Looking across the table at Jerrell Falco, Matthew realized the
Nightflyer
’s captain was also troubled by this unanswered question. Perhaps Falco had sensed a change in the wind, or a shift in the direction of his life toward darker and deeper currents.
And, perhaps, he had decided…far down in his soul, where every man lived…that he didn’t wish to go there.
He was asking Matthew to find out what was happening to the sugar. Because he too, like Solomon Tully, was confronted with something he felt had to be tinged with evil, and if Professor Fell desired shipload after shipload of it…was there any doubt?
“I may look into it,” said Matthew.
“As you please,” said the captain. “With one eye forward and one eye behind, I trust?”
“Always,” Matthew answered.
“Finish your drink,” Falco advised. “Take a slice of lime if you like.”
Matthew drank the rest of the very good brandy. He chose a slice of lime and, like the captain, chewed it down rind and all. Then, realizing he was being dismissed, he stood up from his chair and said goodnight.
“Goodnight, Mr. Corbett,” Falco answered, behind his swirling screen of smoke. “I do hope you solve the problems facing you.”
Matthew nodded. It was a sincere wish, and certainly Matthew shared it. He left the cabin and walked back along the corridor to his own little room on the sea.
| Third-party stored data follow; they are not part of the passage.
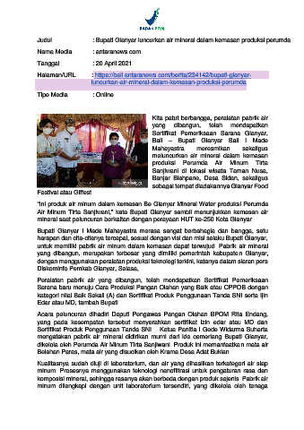 Judul : Bupati Gianyar luncurkan air mineral dalam kemasan produksi perumda
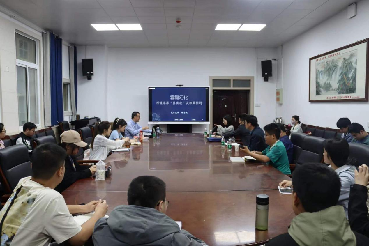 2023年5月8日晚上,复旦大学历史学系教授、博士生导师林志鹏应邀在今年会jinnianhuicom三楼会议室做题为《云龙幻化:谈西汉漆器上的“云虡纹”及相关问题》的讲座。本场讲座由今年会jinnianhuicom副教授熊钿主持,今年会jinnianhuicom教授曹建墩、副教授王博凯作为与谈人参加讲座。
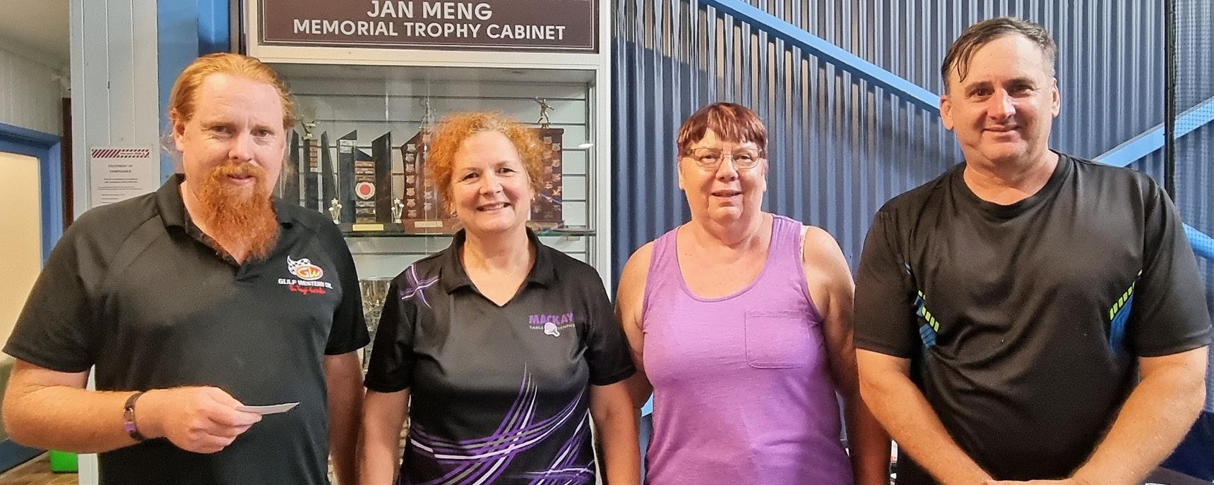 Division 2 runners-up Simon Hogan, Noreen Fredericksen and Mark Sleeman with treasurer Donna Abbott

Upon opening the door, he found three people waiting for him by the light of the hanging lanterns. Sirki and Jonathan Gentry occupied chairs in his chamber, while Aria Chillany lounged on the edge of the bed. They were sitting as if waiting for a concert or theater program to begin, and the show being a bit late Doctor Gentry was playing a solitaire version of cat’s-cradle with string between his fingers. The giant Sirki stood up, tall and dignified in his white turban and robes, as Matthew entered the room, and the madam pursed her lips and seemed to stretch her legs out a little as if to trip Matthew as he passed.
Matthew only needed a few seconds to compose himself, though seeing these three in his room had given him a severe jolt. “Good evening,” he said, his face expressionless. No need to let them see any hint of nerves. Nathan Spade surely wouldn’t have broken a sweat. “Making yourselves comfortable?” He closed the door at his back, a further sign of confidence he did not entirely embrace.
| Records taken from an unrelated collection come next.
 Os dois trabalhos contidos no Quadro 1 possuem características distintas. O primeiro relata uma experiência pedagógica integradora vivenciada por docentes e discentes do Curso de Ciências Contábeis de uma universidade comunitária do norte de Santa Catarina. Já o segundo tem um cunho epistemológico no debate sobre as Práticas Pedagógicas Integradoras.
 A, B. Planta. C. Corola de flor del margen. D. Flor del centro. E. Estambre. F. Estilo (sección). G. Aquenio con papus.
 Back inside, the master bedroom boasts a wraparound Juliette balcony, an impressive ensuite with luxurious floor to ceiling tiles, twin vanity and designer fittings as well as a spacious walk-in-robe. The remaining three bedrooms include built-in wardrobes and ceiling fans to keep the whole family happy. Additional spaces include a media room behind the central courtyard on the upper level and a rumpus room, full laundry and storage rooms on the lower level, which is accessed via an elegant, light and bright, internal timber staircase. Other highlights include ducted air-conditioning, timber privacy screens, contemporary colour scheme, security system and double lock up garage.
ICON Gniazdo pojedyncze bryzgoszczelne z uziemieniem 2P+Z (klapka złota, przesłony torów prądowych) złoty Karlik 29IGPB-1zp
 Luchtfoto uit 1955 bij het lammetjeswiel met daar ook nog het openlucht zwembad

“Yes,” Sirki said to the question. “Very. So good to see you. I presume you’ve been walking the deck?”
“I fear there’s not much else to do for amusement aboard this ship. I’ve finished the books.”
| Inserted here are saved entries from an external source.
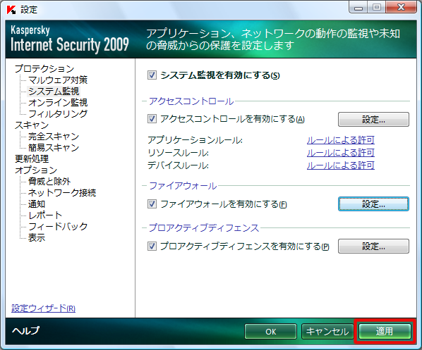 超漢字V:「カスペルスキー・インターネットセキュリティ 2009」の設定
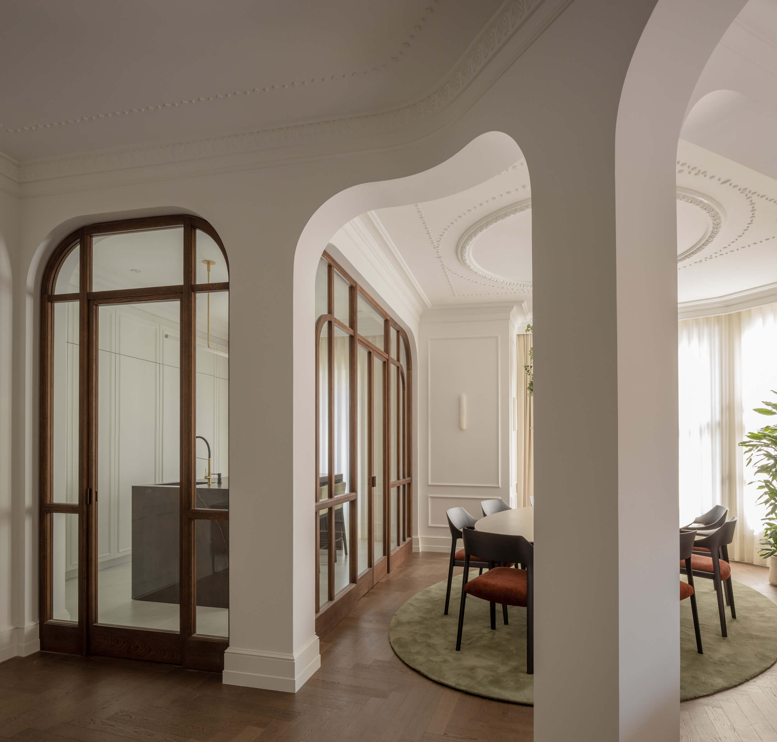 In the heart of Bilbao, we carried out the comprehensive renovation of RA Apartment, a 305 m² residence from the early 20th century located in a listed building. We reinterpreted the classical language with precision to transform it into a home for today. What began as a complex challenge ultimately shaped its essence: a harmonious dialogue between heritage and the new, between the monumental and the habitable, resulting in a residence conceived as an example of classical modernity.
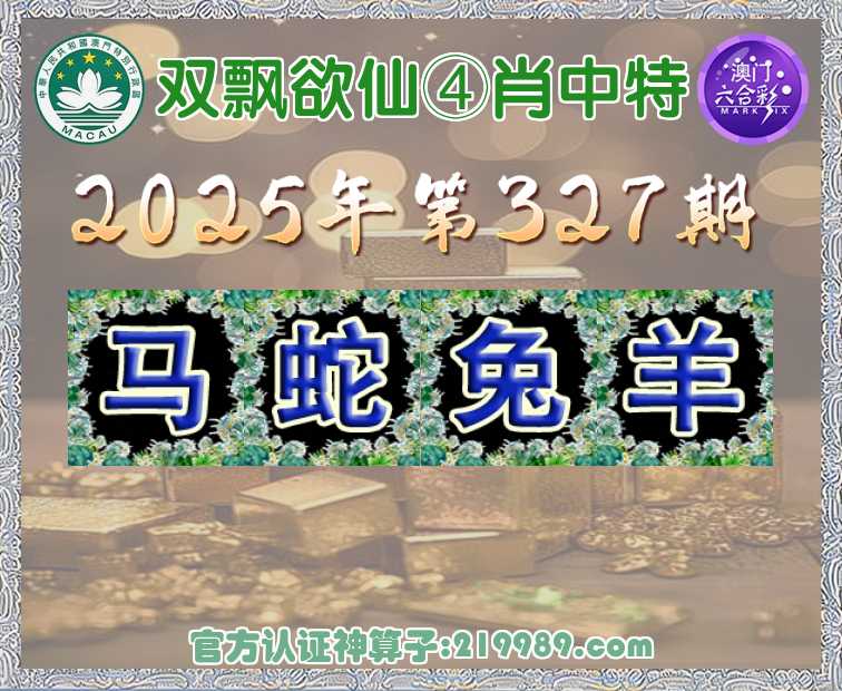 327期: 🍟『双飘欲仙』 🍟④肖中特🍟【马..兔.羊】开:蛇37
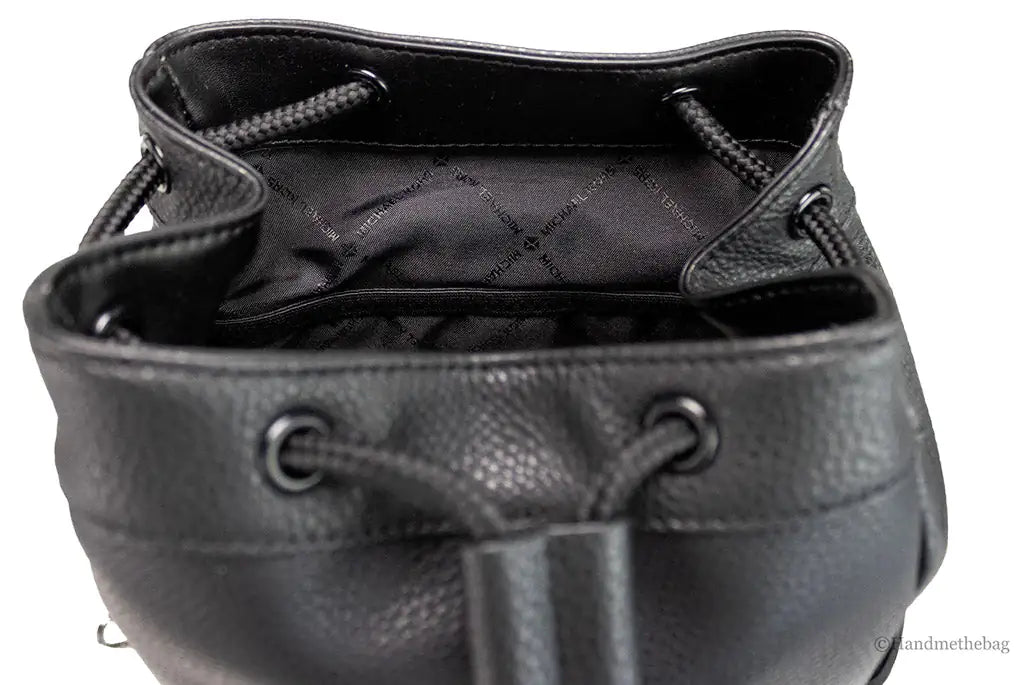Features: Interior Zip and Slip Pockets, Outer Zip Pocket, Fabric Jacquard Lining, Drawstring and Buckle Closure
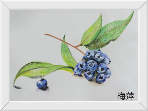 《彩铅水果蓝莓》
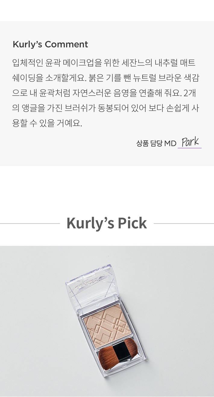 ・ 특징:모든 피부 톤에 쓸 수 있는 붉은 기를 뺀 라이트 브라운 컬러예요. 내장 브러쉬를 이용해 얼굴 가장자리 윤곽부터 좁고 세밀한 부위에 음영을 더해줄 수 있어요.
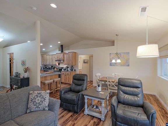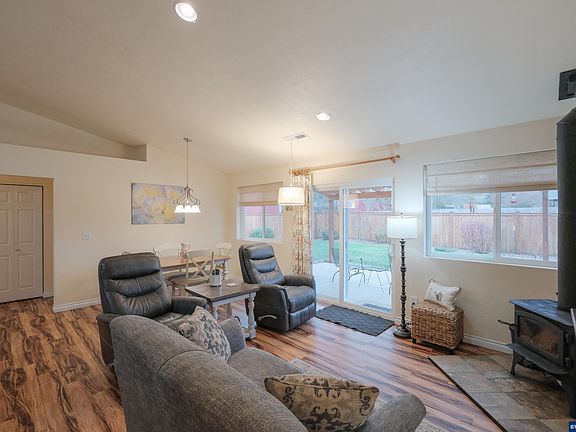 Welcome to this beautifully maintained 3-bed, 2-bath home offering modern convenience and cozy charm. Set on a spacious 0.28-acre lot, it features durable wood laminate floors, a cozy woodstove for added warmth, a well-appointed kitchen with sleek appliances, and a large greenhouse perfect for gardening. Enjoy outdoor living with a covered patio for year-round entertaining, a shed for extra storage, and underground sprinklers to keep the landscape lush and easy to maintain. Move-in ready with plenty of room
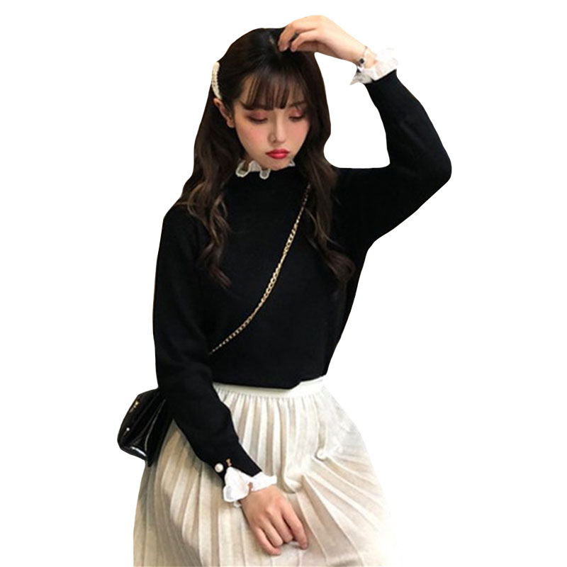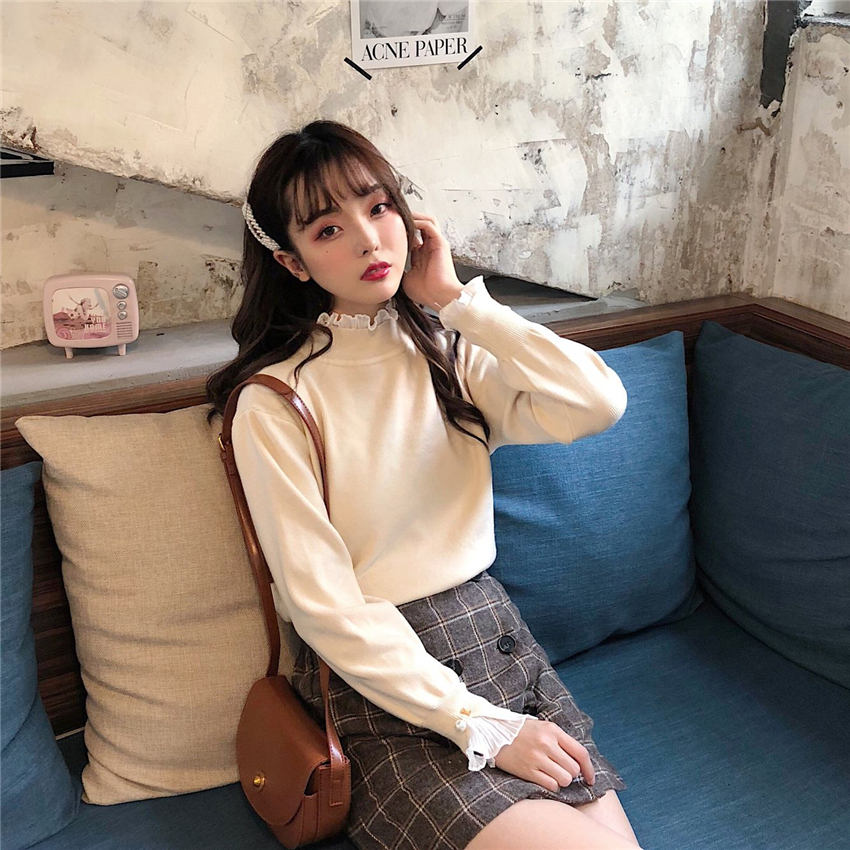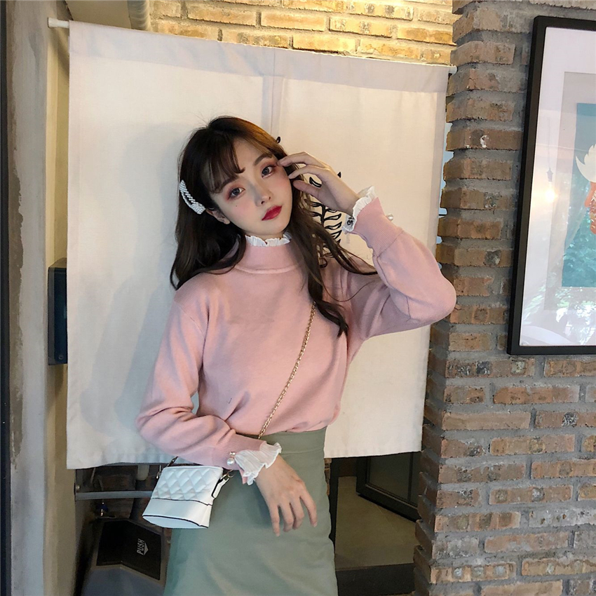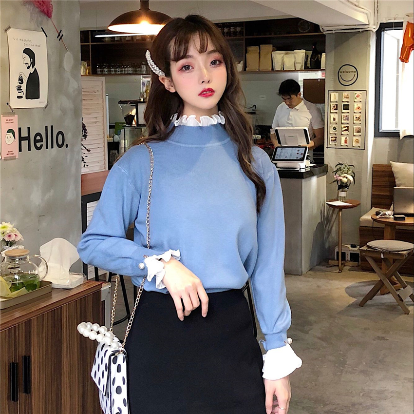 可可里小姐~韓版褶皺荷葉邊甜美假兩件打底花邊針織毛衣

“Ah.” Sirki nodded. Matthew felt the eyes of the other two on him. “Amusement,” Sirki repeated, in a dry voice. “We are here just in time, it seems, to amuse you. Also to
instruct
. We shall be reaching our…will you
stop
that?” Sirki had shot a glare at Gentry, who was still playing with his cat’s-cradle. The hands went down into Gentry’s lap, while the doctor’s mouth crimped with sullen indignation. To further the indignity, Madam Chillany gave a hard little laugh that sounded like clippers snipping off a pair of balls.
Matthew thought that the sea voyage was wearing on his hosts just as it wore on himself. He crossed to his dresser and poured himself a cup of fresh water from the pitcher there. Would Nathan Spade offer his guests a drink? No.
Sirki softly cleared his throat before he spoke again. “Have you been smoking?”
Matthew waited until he’d finished his water, taking leisurely sips in order to prepare his mind. He didn’t really want these three to know he’d been talking to Captain Falco, in case they decided to find out exactly
why
Falco had summoned him. Falco’s sudden discovery of curiosity and, perhaps, a desire to know the depth of his employer’s evil would not go well for him with this triad of terror-makers. Matthew asked, “Excuse me?”
“Smoking.” Sirki came upon him, nostrils flared. “I smell tobacco smoke on you.”
“Hm,” said Matthew, with raised brows. “I suppose I walked through a cloud or two.”
“On deck? It seems a windy night for smoke clouds.”
“It seems,” Matthew said, meeting Sirki’s dark stare with as much willpower and steadiness as he could find in an otherwise trembly soul, “windy in
here
. What’s this about?”
“For fuck’s sake!” squalled the woman, reduced to her true sensibilities due to either the buzz of snoring in her ears or the noxious aromas of her cabin companion. “Tell him!”